I believe Penny did not think she was going to die and she was not in pain when she did, at 7.50am the following day. It would have been consolation of a kind if her death had been inevitable. A car crash, a heart attack or cancer: the pain involved in all of those would have been easier to cope with than the thought that she was betrayed by a scarcely credible combination of organisational chaos and gross incompetence on the part of the service that had her life in their hands over that Easter weekend.
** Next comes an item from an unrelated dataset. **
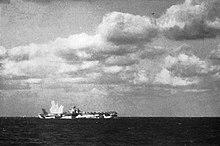 The task group was too far away to intervene when the Japanese surprised the American escort carriers off the coast of Samar on the morning of 25 October with their force of battleships and cruisers, but McCain's carriers were able to close the distance enough by the early afternoon to launch two long-range airstrikes that accomplished little. The Americans lost 14 aircraft to all causes and failed to significantly damage any of Vice Admiral Takeo Kurita's ships. The following morning, after TG 38.1 and 38.2 rendezvoused, they launched an 257-aircraft airstrike that attacked Kurita's ships.[50] Avengers from Hornet and Cowpens hit the light cruiser Noshiro with one bomb that started a quickly extinguished fire. About twenty minutes later another Avenger put a torpedo into the cruiser; the detonation disabled all of her boilers and left her dead in the water. About an hour and a half after that, 28 of Hornet's Avengers and Helldivers hit Noshiro again with a torpedo and she sank an hour later.[51]
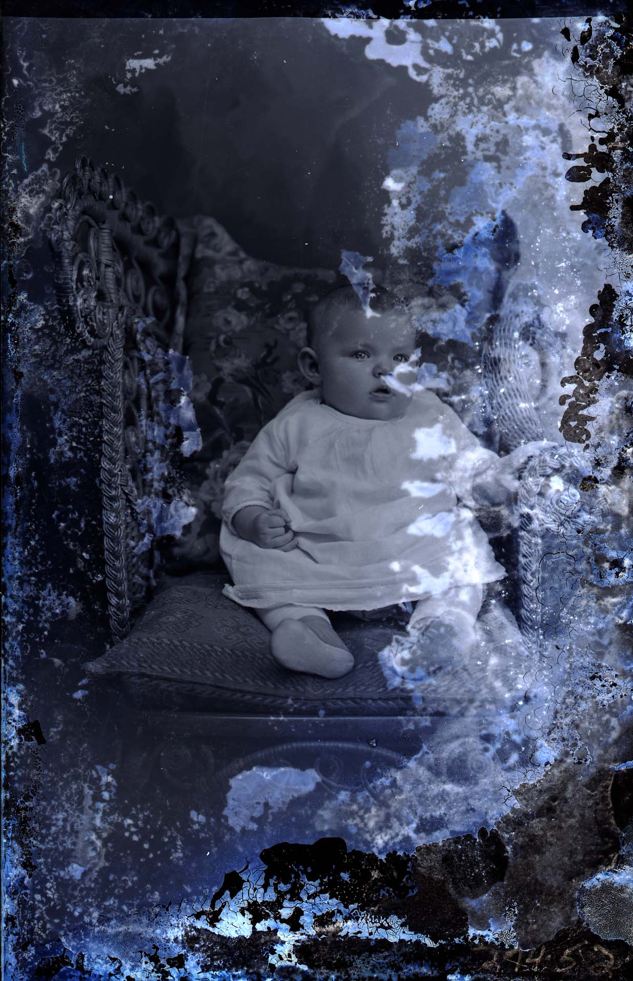 Emulsion damage to the glass plate is visible.

Betrayed, too, by my failure to recognise what was going on before all the ingredients of the fatal cocktail were exposed in the Victorian chambers of Poplar Coroner's Court last week.
Penny considered herself a lucky person. That sometimes irritated me. She used it to play down the intelligence and charm that made her able to adapt and thrive over the course of a career in which she was, variously, a telecoms systems engineer, a media analyst and a teacher of both degree-level maths and basic literacy, before settling on journalism and rising to become an associate editor at the European edition of Time magazine. From the moment she picked up the phone to call a doctor on Good Friday, it was clear Lady Luck was no longer her friend.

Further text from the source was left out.